# 65 Tempest windowfelts



## crustysack (Oct 5, 2008)

finally found a place that REALLY makes tempest window felts arty: https://secure.steelerubber.com/search_frameset.php?yr=65&mk=PO&tp=ALL&pk=TN along with every type of soft trim for tons of old cars. if any one remembers my post I tried every supplier and got GTO felts shipped 4 times. They were also in stock and I have them in my hands now- One more piece DONE


----------



## Eric Animal (Oct 28, 2007)

Thanks Crusty!.....Hopefully I'll be needing window fuzzies in a couple months.:cheers Eric
The link isn't working........


----------



## Instg8ter (Sep 28, 2010)

thanks Crusty, been looking for them for the 66' Post....bookmarking it now...oops....maybe not, says no content.
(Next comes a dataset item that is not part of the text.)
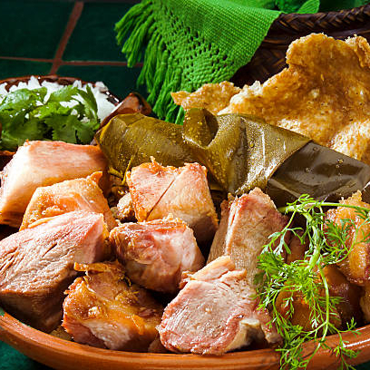 Carnitas estilo Jalisco, tortilla de maíz, frijoles tapatios, cebollitas encurtidas, salsa picante y guacamole

It's Steelerubber.com E...:cheers


----------



## crustysack (Oct 5, 2008)

this is the real link https://secure.steelerubber.com/search_frameset.php?yr=65&mk=PO&tp=ALL&pk=TN sorry


----------



## geeteeohguy (Feb 2, 2008)

Thanks, crusty. I sweated the ones on my convertible out for hours in '93 when I replaced them....they're STILL kinda cheesy. The '65 has it's original ones still....good to know there is a source for a part that will FIT.


----------



## Eric Animal (Oct 28, 2007)

Thanks fellas!


----------